Explore some of our FAQs on data lakes below, and review our data management glossary for even more definitions.
The term “data lake” evolved to reflect the concept of a fluid, larger store of data – as compared to a more siloed, well-defined, and structured data mart, specifically.
More than a decade ago, as data sources grew, data lakes changed to address the need to store petabytes of undefined data for later analysis. Early data lakes were based on the Hadoop file system (HDFS) and commodity hardware based in on-premise data centres. However, the inherent challenges with a distributed architecture and the need for custom data transformation and analysis contributed to the suboptimal performance of Hadoop-based systems.
Cloud computing and data storage technologies are now the main foundation for the modern data stack – and for cloud data lakes.

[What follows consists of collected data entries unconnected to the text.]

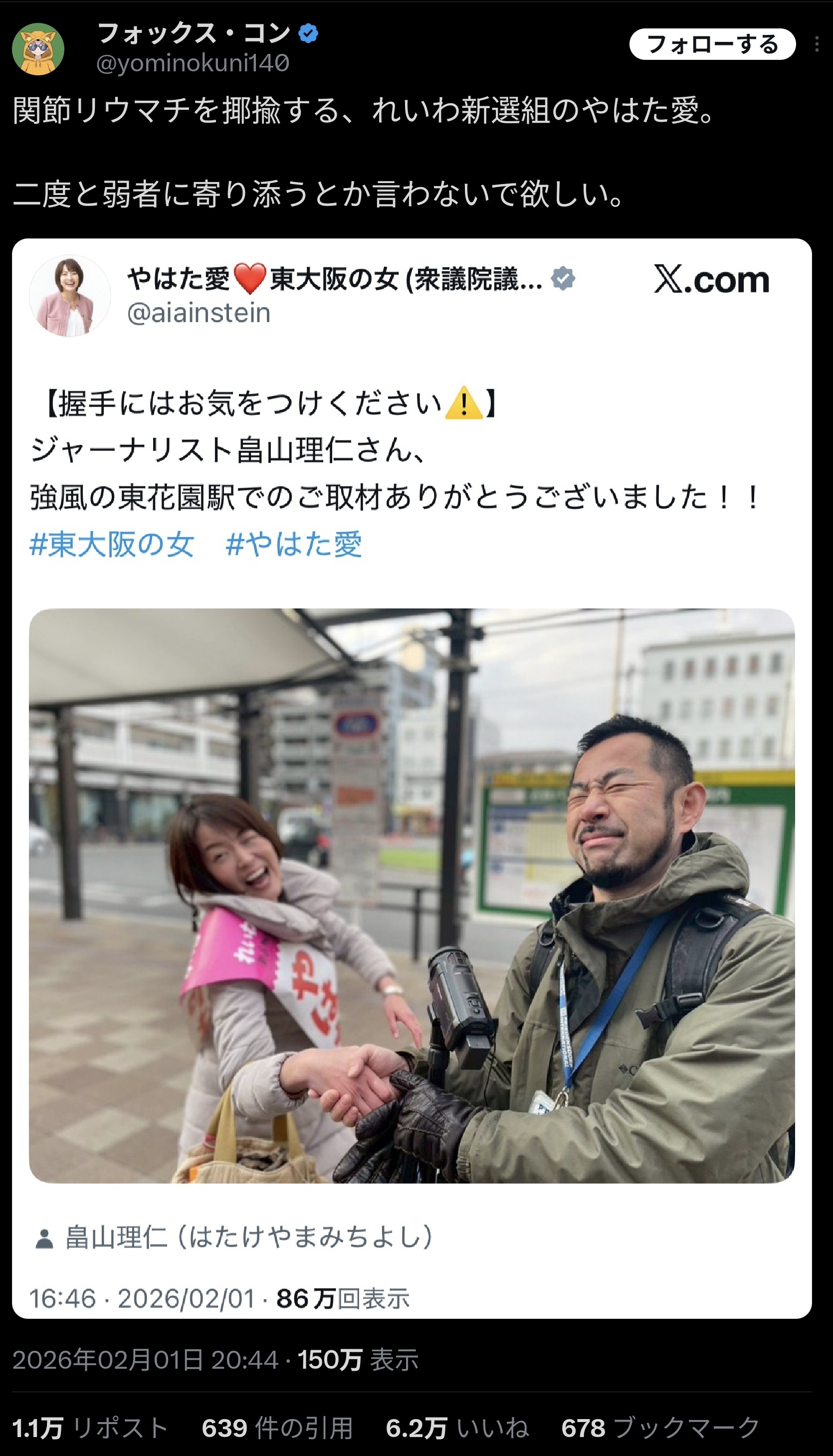 特にむかつくのは日本をよくしようと本気で政権狙ってないのがムカつく、こんな投稿したら普通の人が不愉快になるのわかるはず、高市さん嫌いな人でも怪我を揶揄するような投稿みたら引くよ。では何故こんな投稿するのか?それは一部の狭い支持層にアピールする為のサービス行為。私は高市をバカにしてやりました皆さん見てください、私はこんなに高市を卑下しました、私はなかなかやるでしょ?ふふん♪って仲間へのじいこういでしかない。そんな狭いそうを満足させる為に大半の有権者を切り落としてる、そんな奴らがリベラル気取って世界がーとか言ってるのが意味わからない。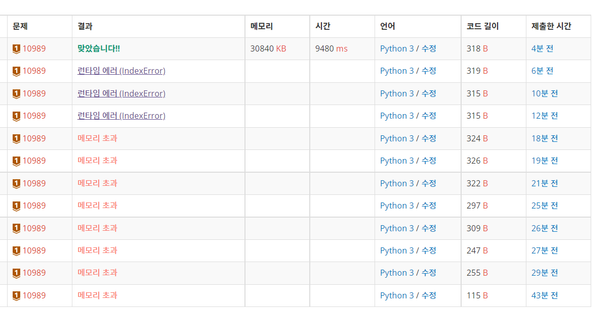 이렇게 그냥 파이썬 기본 내장 함수를 이용하면 메모리 초과가 발생한다.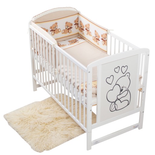 3. Ochraniacz z Misiami. Piękny ochraniacz osłania zarówno przed przeciągiem jak i zabezpiecza dziecko przed uderzeniami o szczebelki. Dzieci które zaczynają się przewracać, siadać czy machają rączkami mogą się teraz bezpiecznie bawić w łóżeczku.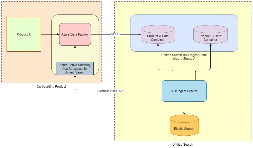 Data stores from different products use an ETL Tool (example: Azure Data Factory) to export a snapshot of its data into Unified Search Azure Storage Containers, and exposes an Export API which could be triggered by Unified Search system on demand. Using Azure Data Factory Pipeline to trigger such an export it’s easy to set up Azure Active Directory Application and Service Principal to grant Unified Search access to trigger such an export operation using Azure Data Factory Pipeline API. On the other hand, Azure SAS URI, passed from Unified Search to the product system in the Export API call, helps restrict the write access to dedicated Storage Containers assigned for the Product, and for a limited time period when the Bulk Ingest Workflow is run. Once the Data Snapshot is dumped into the Unified Search Storage, a Bulk Ingest Service reads the same for ingestion into Elasticsearch.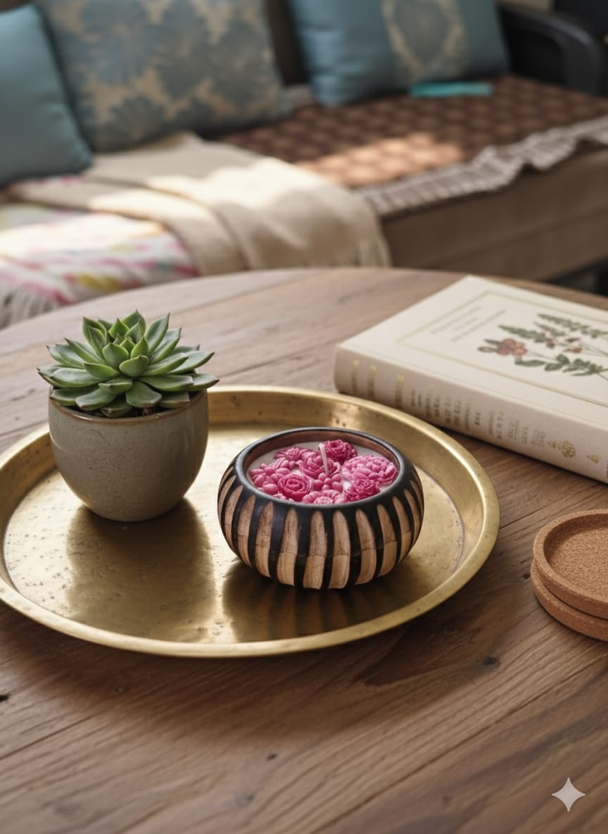 Kamini - The beauty of a glowing bloom is an exquisite candle set in a natural wooden bowl, thoughtfully decorated with a variety of floral elements such as sunflowers, pink blossoms, and other delicate blooms. Each piece offers a unique arrangement that highlights organic textures and colors, creating a sophisticated and calming ambiance. Perfect for enhancing home decor or as a refined gift, Kamini combines artistry and nature to bring warmth and elegance to any setting.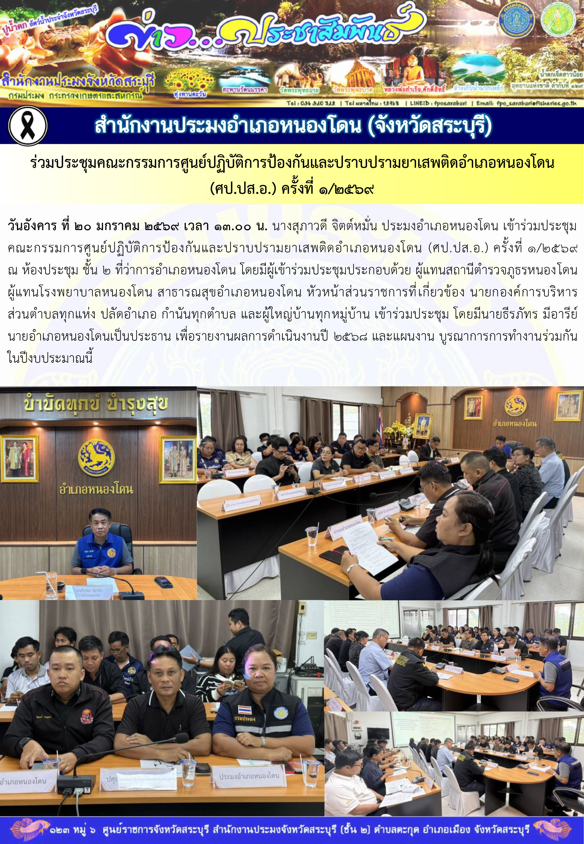 สำนักงานประมงอำเภอหนองโดนร่วมประชุมคณะกรรมการศูนย์ปฏิบัติการป้องกันและปราบปรามยาเสพติดอำเภอหนองโดน (ศป.ปส.อ.) ครั้งที่ 1/2569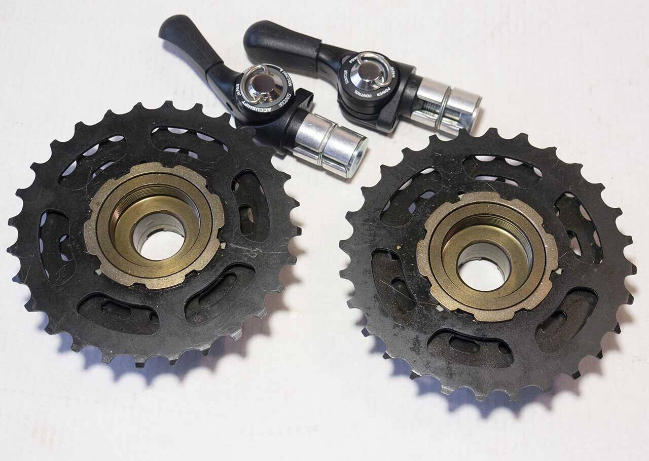 New-Old-Stok. НОВЫЕ!!!! Винтаж из 1980-х. Неспешно продам комплект: две новые японские манетки Suntour Accuhift, в торец руля, bar end shifter. Правая манетка индексная, на 6 скоростей, система "accushift", и левая манетка безиндексная "Powershift" 2-3 скорости.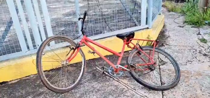 Ao passar pelo ônibus, a bicicleta acabou batendo na lateral e foi parar debaixo das rodas do coletivo. Os dois ocupantes, porém, caíram na calçada e sofreram ferimentos leves.

A data warehouse (DW) is a digital storage system that connects and harmonises large amounts of structured and formatted data from many different sources. In contrast, a data lake stores data in its original form – and is not structured or formatted.
Data management is the process of collecting, organising, and accessing data to support productivity, efficiency, and decision-making.
A data lakehouse adds data management and warehouse capabilities on top of the capabilities of a traditional data lake. This is a new and evolving area that’s changing rapidly.
Multicloud is the use of multiple cloud computing and storage services in a single heterogeneous architecture. This refers to the distribution of cloud assets, software, and applications, for example, across several cloud-hosting environments.
File storage organises and represents data as a hierarchy of files in folders; block storage chunks data into arbitrarily organised, evenly sized volumes; and object storage manages data and links it to associated metadata. Object storage systems allow for the retention of massive amounts of unstructured data.